All of the details involved in the inheritance of hair color haven’t been worked out yet, but you can get a brown hair in a child using just two hair color genes. See Human hair color - Wikipedia, the free encyclopedia. In this model there is 1 gene responsible for brown/blonde hair color with brown dominant over blonde. The second gene would determine red hair color with “not red” dominant over red. The 2 genes would interact (called epistasis) such that a “not red” trait (allele) is needed in order for the hair color to be blonde, brown or black.

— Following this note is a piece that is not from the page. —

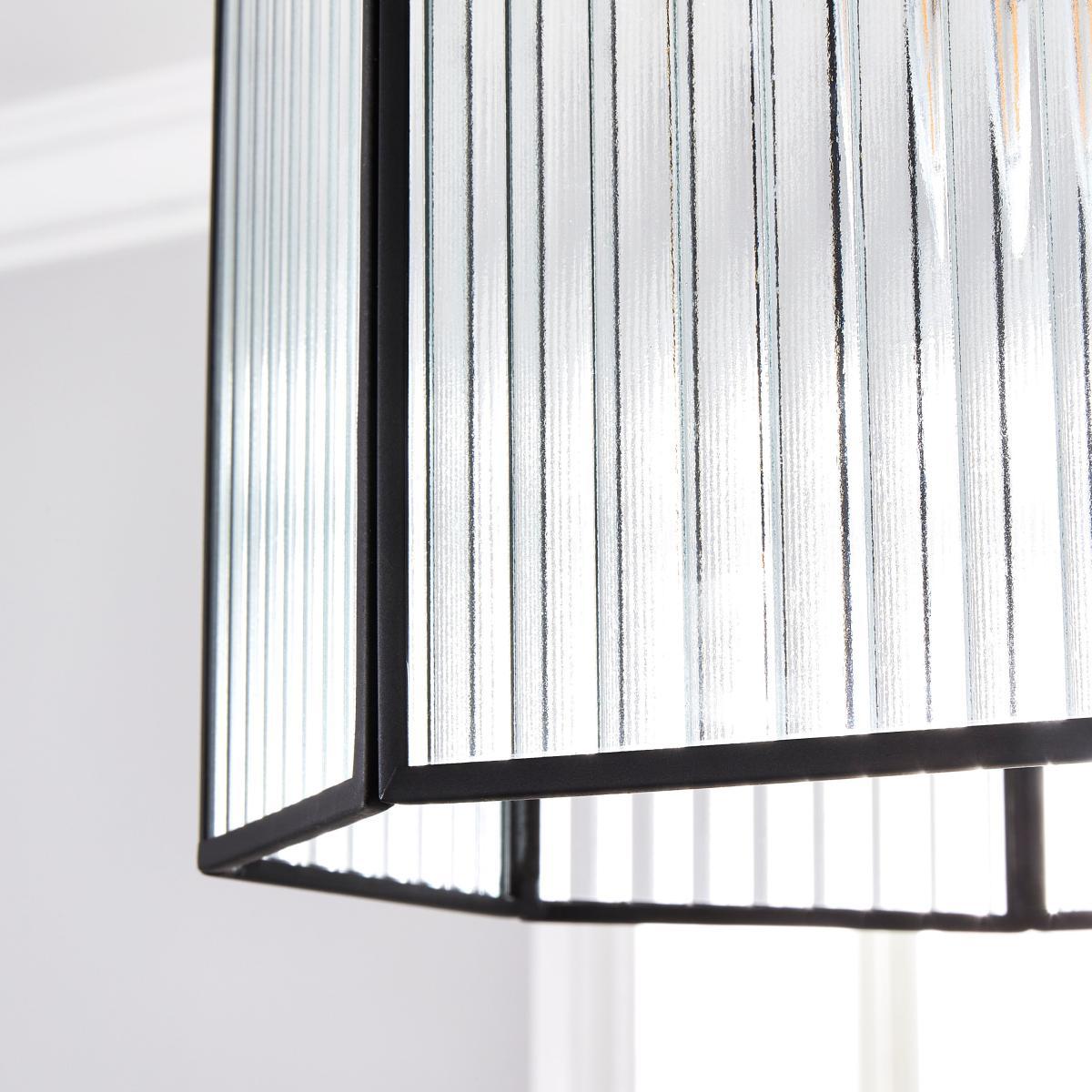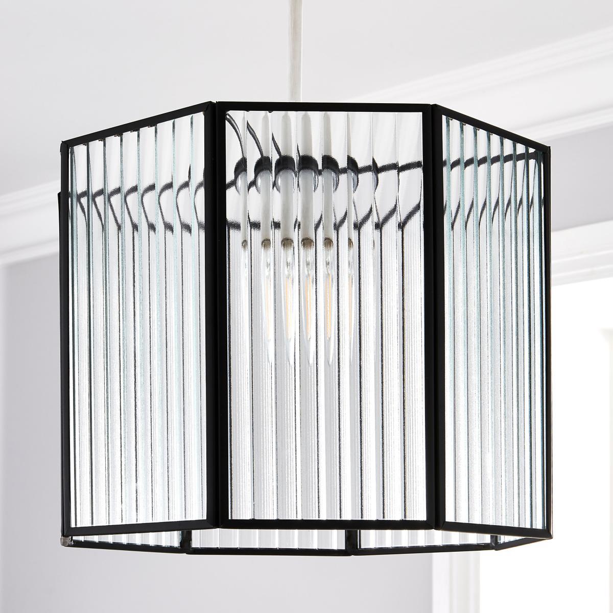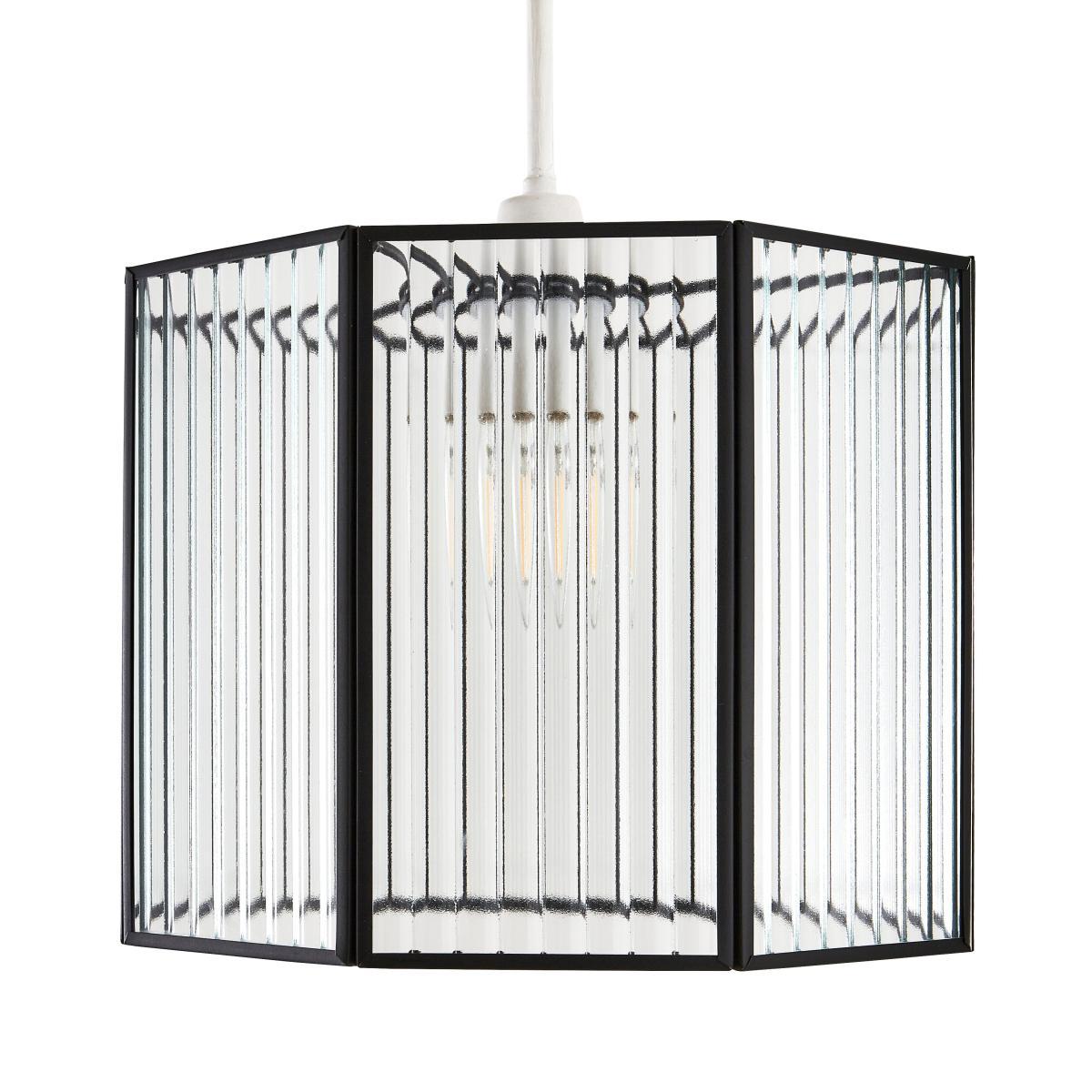 * Easy fit pendant* Black Frame* Clear ribbed class* Luxe look* Matching family items available* 2 year guarantee Featuring the stunning Voss Easy Fit Pendant, crafted with a metal black painted frame coupled with clear ribbed glass panels. This luxurious light pendant will make a striking addition to any room in your home and complement an array of home décor styles. Matching family items from the Voss range are available to help coordinate your home. Easy Fit pendants are ideal for a quick style change without needing an electrician. Simply assemble on to your existing ceiling fitting, and you’re good to go within minutes! Don’t forget to choose the correct bulb for your ceiling fitting.

So the red haired Dad could be carry the brown hair trait (allele) but have red hair color because he has only “red” alleles (this is called homozygous in genetics) at the second gene.
Mom would only need to pass on a “not red” allele at the second gene.

So where does black hair fit in? In this model the brown/blond gene has many alleles which are responsible for different shades of brown to black. This explanation “fits” and IMHO it is a reasonable theory … is it right? I don’t know, but I would expect that it is “right”, but oversimplified. Other genes certainly influence hair color. Hair color is determined by more than one gene (=polygenic) & the final color is subject to the influence of modifying genes & the environment. For example I had blonde hair as a kid, brown as an adult & now gray ;(
Not an intelligent design, but this is what you get when traits evolve.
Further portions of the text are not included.